Pelatihan kali ini menghadirkan kolaborasi istimewa antara akademisi dan praktisi. Salah satu pemateri utama adalah dr. Raden Argarini, M.Kes., Ph.D., dosen Fakultas Kedokteran Universitas Airlangga sekaligus pakar fisiologi latihan beban dan kebugaran tubuh. Dalam sesinya, beliau membahas secara mendalam bagaimana sistem tubuh merespons aktivitas latihan intensif, pentingnya pemulihan, serta strategi latihan berbasis sains untuk hasil optimal. “Instruktur kebugaran perlu memahami bahwa setiap latihan tidak hanya soal kekuatan otot, tetapi juga keseimbangan antara fisiologi, nutrisi, dan psikologi tubuh manusia,” ungkap dr. Argarini di sela-sela pelatihan. Selain itu, hadir pula tim profesional dari Flashfitness Indonesia: Coach Adillal Haq Al Mu’thi, S.Pd., Coach Andre Andarianto, S.Or., M.Kes., dan Markus Wahyu Tjahyono, S.Kom. (HRD Flashfitness)

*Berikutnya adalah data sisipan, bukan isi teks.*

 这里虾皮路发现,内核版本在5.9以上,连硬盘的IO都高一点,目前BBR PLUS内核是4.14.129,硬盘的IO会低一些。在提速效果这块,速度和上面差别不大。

Mereka memberikan pelatihan langsung mengenai dasar latihan kebugaran, spotting yang aman, sport relaxing, hingga manajemen pusat kebugaran modern, yang menjadi bekal penting bagi mahasiswa untuk berkarier sebagai personal trainer atau fitness consultant.

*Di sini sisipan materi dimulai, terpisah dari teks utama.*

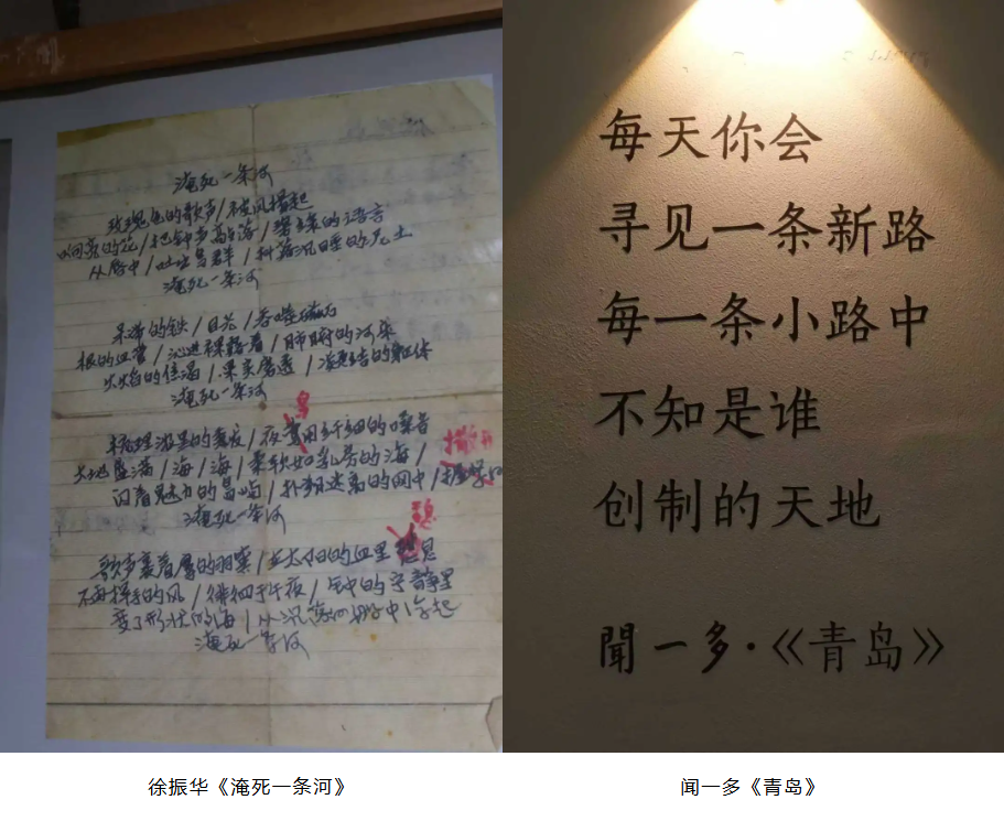 首先,走入地下一楼的文学放映室,空间里满是青岛的文学诗集。其中,《淹死一条河》的创作原稿引发学生和老师的热烈讨论。 随后,走进青岛文学馆一楼,映入眼帘的是闻一多先生的散文《青岛》的摘抄语录。经查阅深读《青岛》全文,我们能发现闻一多先生自然地将西方的唯美主义以及沉重的历史融入《青岛》全文,他不自觉地将东西方的文化差异在创作中进行比较与区分。这不仅体现了外国文学的异域文化素养,对于评价本土文化与西方文化的差异也有一定的学术价值。

Selama dua hari, peserta tidak hanya menerima teori di ruang kelas, tetapi juga melakukan praktik langsung di Fitness Center Hasta Brata UAB. Setiap mahasiswa diuji kemampuan teknis, komunikasi, dan keselamatan dalam memandu latihan kebugaran.
Kegiatan ini merupakan bagian dari komitmen UAB dalam mengimplementasikan program Merdeka Belajar–Kampus Merdeka (MBKM). Melalui kolaborasi akademisi–industri–pakar kesehatan, mahasiswa mendapatkan pengalaman otentik yang memperkaya kompetensi profesional mereka di bidang kebugaran.
“Dengan pelatihan ini, mahasiswa Penjas UAB memiliki bekal ilmiah, keterampilan praktis, dan jejaring profesional yang kuat. Mereka siap menjadi instruktur bersertifikat dengan pemahaman komprehensif tentang fisiologi dan teknik kebugaran,” ujar Dr. Suharti, S.Pd., M.Si., M.Pd.
Pelatihan Fitness bersama Flashfitness dan pakar dari FK Unair ini menjadi langkah konkret Prodi Pendidikan Jasmani FKIP UAB dalam mewujudkan sinergi antara akademik, industri, dan dunia kesehatan. Kolaborasi ini diharapkan terus berlanjut sebagai program rutin untuk memperkuat profil lulusan Prodi Pendidikan Jasmani FKIP UAB yang berkarakter, kompeten, dan berdaya saing global.